* **TASK INSTRUCTIONS**
Reproduce only this stretch of the listing below: from the line with "斯凯奇2025新品女子速干梭织运动短裤科技吸湿速干" through the line with "Vestido longo em", exactly as written, with pictures excluded.

* **PROVIDED INFORMATION**
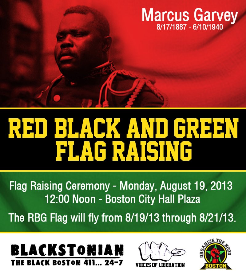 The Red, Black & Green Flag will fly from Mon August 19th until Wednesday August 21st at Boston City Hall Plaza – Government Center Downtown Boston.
...
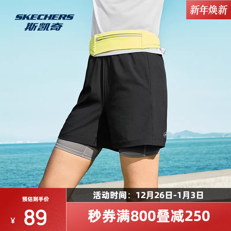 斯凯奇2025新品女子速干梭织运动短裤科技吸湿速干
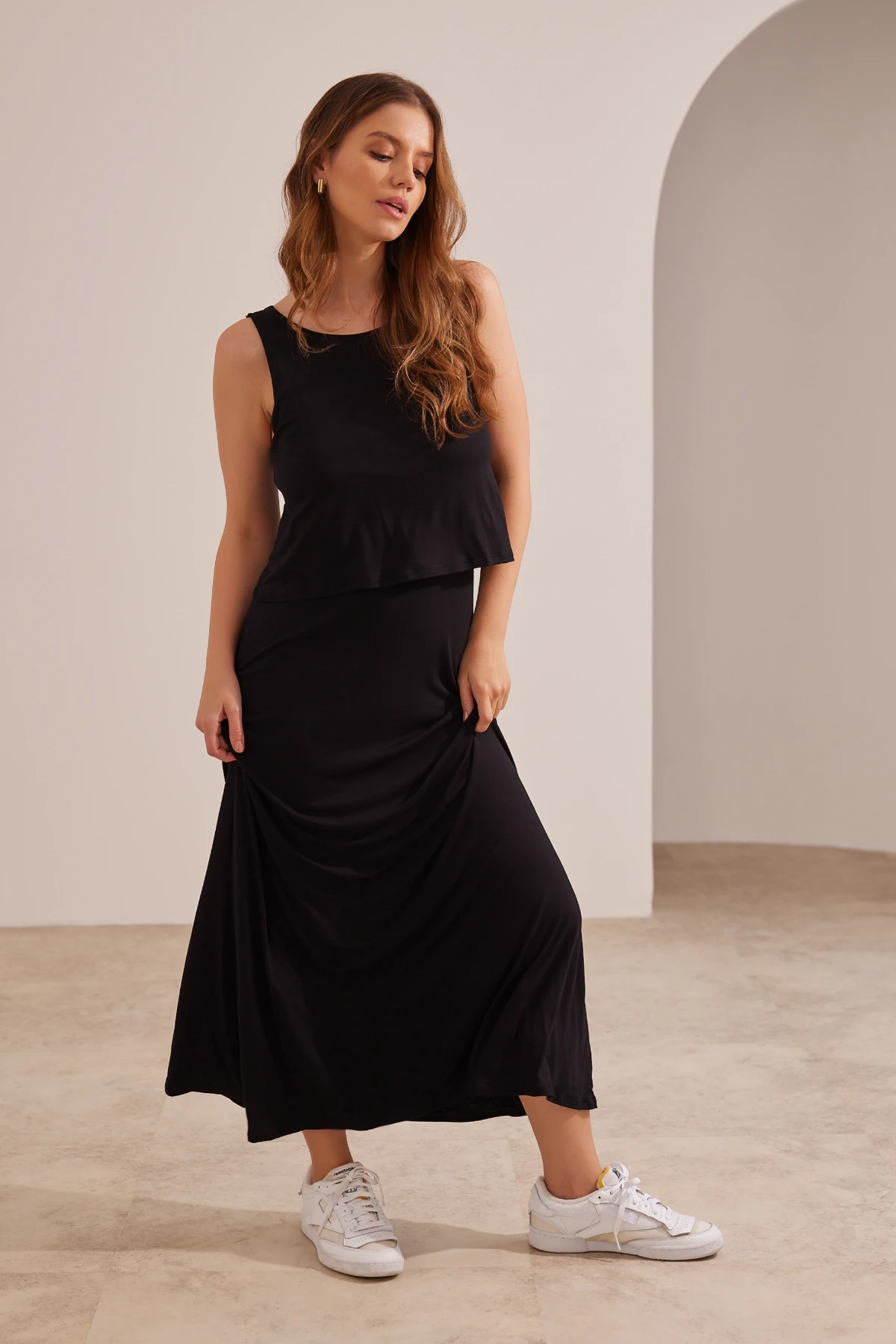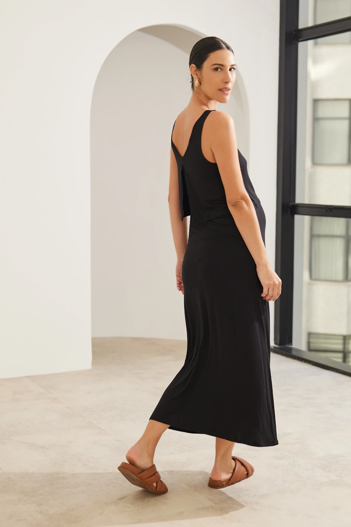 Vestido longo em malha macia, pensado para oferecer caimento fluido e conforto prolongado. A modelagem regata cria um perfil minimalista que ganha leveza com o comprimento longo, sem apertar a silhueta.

* **RESULT FOR THIS TASK**
 斯凯奇2025新品女子速干梭织运动短裤科技吸湿速干
 Vestido longo em malha macia, pensado para oferecer caimento fluido e conforto prolongado. A modelagem regata cria um perfil minimalista que ganha leveza com o comprimento longo, sem apertar a silhueta.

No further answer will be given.